Design of lifting devices as per ASME BTH-1
ASME BTH-1 Standard – Design of Below the Hook. Lifting Devices, arises after the creation by ASME of a design task group in 1997, to develop a design standard that complements the ASME Code B30.20 Below the Hook. Lifting Devices. Safety Standard, for the design of lifting elements. The standard was published in 2005, consisting of five chapters. The current edition is the 2017 edition in which new chapters and new design categories have been incorporated and new requirements and design elements have been modified and / or added.
ASME BTH-1 provides the minimum structural and mechanical design of the lifting devices, and electrical component selection criteria.
Additionally, lifting devices designed according to this code must also comply with the requirements included in the ASME Code B30.20 – Below the Hook Lifting Devices. Safety Standard. This Code is included in a series of volumes that make up ASME B30, which include the necessary requirements for construction, inspection, installation, testing, and maintenance. The current edition of the ASME B30.20 was published in the year 2018.
ASME BTH-1 standard only refers to provide design requirements.

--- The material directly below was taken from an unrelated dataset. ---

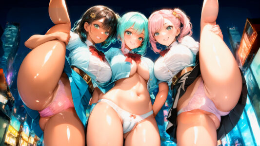 2girls, 15yo, cheaky bitch, (standing split:1.3), (front split:1.5), (high front kicking:1.2), (legs over body:1.5), (one leg up:1.1), finely detailed beautiful eyes and detailed face, Urban fashion, Denim jacket, Scarf, minii skirt, huge breasts, (shiny skin:1.2), fair skin, (dark skin:1.3), covered erectile nipples, various hair, straight perm hair, hair ornament, thighhighs, naughty face, closed mouth, fun, looking at viewer, city, morning, (Iridescent Highlights), dynamic angle, (from directly below:1.2), cinematic lighting, (score_9, score_8_up, score_7_up, score_6_up, score_5_up, score_4_up, source_anime, masterpiece, amazing quality, best quality, detailed, absurdres, an extremely delicate and beautiful, intricate, uef:1.3), High saturation BREAK light purple Satin panties, cobalt blue Sheer panties, (close up panties, foreshortening:1.3), cameltoe Negative prompt: (worst quality, low quality:1.4), (unaestheticXL2v10:1.3), cropped screen, bad anatomy, bad proportions, extra legs, deformed anatomy, deformed fingers, bad, distracted, hyperrealistic,source_furry, source_pony, source_cartoon, (realistic lips:1.3), (realistic nose:1.3), by bad-artist, (bad clothing:1.3), (undetailed clothing:1.3), (nonsensical backrounds:1.2), (bad backrounds:1.2), (bad shadows:1.2), (white background, simple background:1.7), crowd, Steps: 35, Sampler: Euler a, CFG scale: 7, Seed: 91124506, Size: 1280x720, Model hash: 3c33e4d504, Model: ebara_pony_1, VAE hash: 235745af8d, VAE: xlVAEC_f1.safetensors, Denoising strength: 0.48, Clip skip: 2, ENSD: 31337, ADetailer model: face_yolov8n.pt, ADetailer confidence: 0.3, ADetailer dilate erode: 4, ADetailer mask blur: 4, ADetailer denoising strength: 0.4, ADetailer inpaint only masked: True, ADetailer inpaint padding: 32, ADetailer version: 24.4.0, FreeU Stages: "[{"backbone_factor": 1.2, "skip_factor": 0.9}, {"backbone_factor": 1.4, "skip_factor": 0.2}]", FreeU Schedule: "0.4857142857142857, 1.0, 0.0", FreeU Version: 2, Hires upscale: 1.8, Hires steps: 20, Hires upscaler: R-ESRGAN 4x+ Anime6B, Lora hashes: "ebarahsk_v01-06: 787978f4b0f1", Version: f0.0.17v1.8.0rc-latest-276-g29be1da7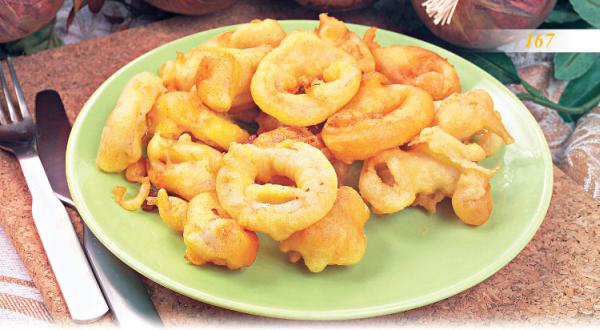 Обмакните кальмаров в кляр и жарьте на раскаленном растительном масле до золотистого цвета.

All requirements associated with the safety of the lifting device will be based on ASME B30.20. The designer must work with both codes together when designing the lifting devices of an equipment.
To avoid accidents on site during lifting and / or transportation activities, lifting devices must be designed under the supervision of a qualified and experienced engineer, who verifies the design factors considered in the design phase.

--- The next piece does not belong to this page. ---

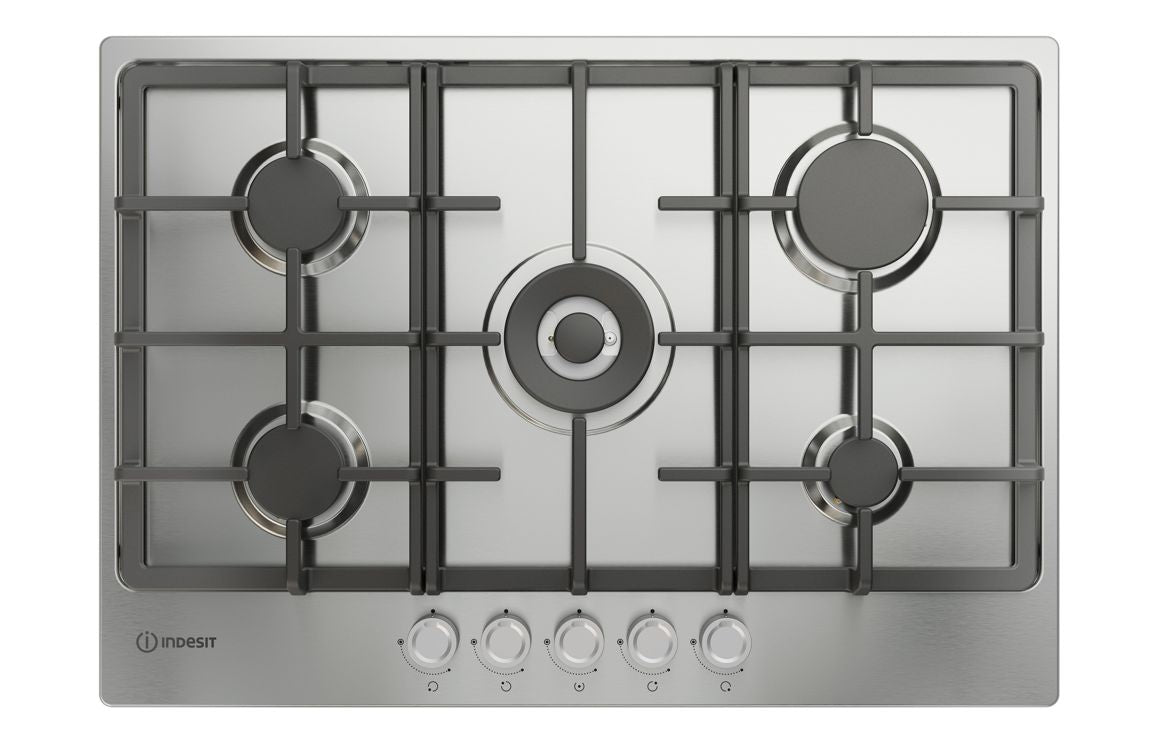Indesit 5-Zone Built-In Gas Hob – Stainless Steel, Cast Iron Pan Supports, Rotary Dial Control, THP 751 W/IX/I

The design requirements evaluated and covered by BTH-1 are the following:
- Classification of the lifting device based on the operating conditions and lifespan of the device.
- Design requirements for the different elements (bolts, pins, welds), as well as recommendations in case of being subjected to fatigue loads.

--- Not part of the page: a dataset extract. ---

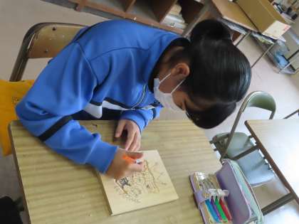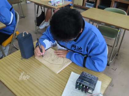 ドアプレートを制作しています。浮き彫りでしっかり浮きたたせることが目標です、黙々と作業を進めていました。

- Mechanical requirements of the different mechanical components (slings, shackles, accessories).
- Requirements of electrical components.
Lifting lugs for pressure vessels
Each lifting device is designated with a design category (strength) and a service class (fatigue conditions). The selection of the design category and the service class will be based on the operating conditions and the expected life of the lifting element, with three design categories (A, B and C) and five different services (service 0 to 4).
The selection of the design category and the service class will define the design requirements of the lifting element, establishing the allowable stresses of the material.
- Category A: The magnitude of the load is predictable, and the environmental conditions are not severe. The design factor considered is equal to 2. This category is limited to service classes 0.
- Category B: The magnitude of the load is not predictable in the design and can vary considerably or the environmental conditions can be severe. The design factor in this case is equal to 3. This is the most common design case unless a qualified designer considers the use of category A appropriate.
- Category C: It is used in special applications. The design factor in this case is equal to 6.
The service class associated with the service defines the number of load cycles, or the fatigue life to which the lifting element is designed.
Service Class – ASME BTH-1
Lifting device with slings and shackle
ASME BTH-1 establishes the design criteria and allowable stress values for the different types of loads to which lifting devices are subjected. The forces to be considered in the analysis include the stresses generated in tension, compression, bending, shear, as well as their combination.
Depending on the lifting device and the conditions during the lifting of the equipment, different stresses will be generated. For example, a lifting beam with a central grip point and a suspended load at the two ends of the beam will be loaded primarily under flexion, so compression and tension calculations will not be predominant.
The study and analysis of all these stresses is developed in section 3 of the ASME BTH-1 Standard. This section corresponding to structural design. Also includes the requirements to be considered for the design of welded joints, evaluating the stresses generated in the joint, depending on its type and geometry.
The fatigue study, in section 3.4 of the standard, is not necessary for lifting devices classified within service class 0 due to the low number of cycles, but as the number of cycles increases, the possibility of fatigue failure also increases.
BTH-1 includes a section that covers how to evaluate lifting devices for service classes 1 through 5.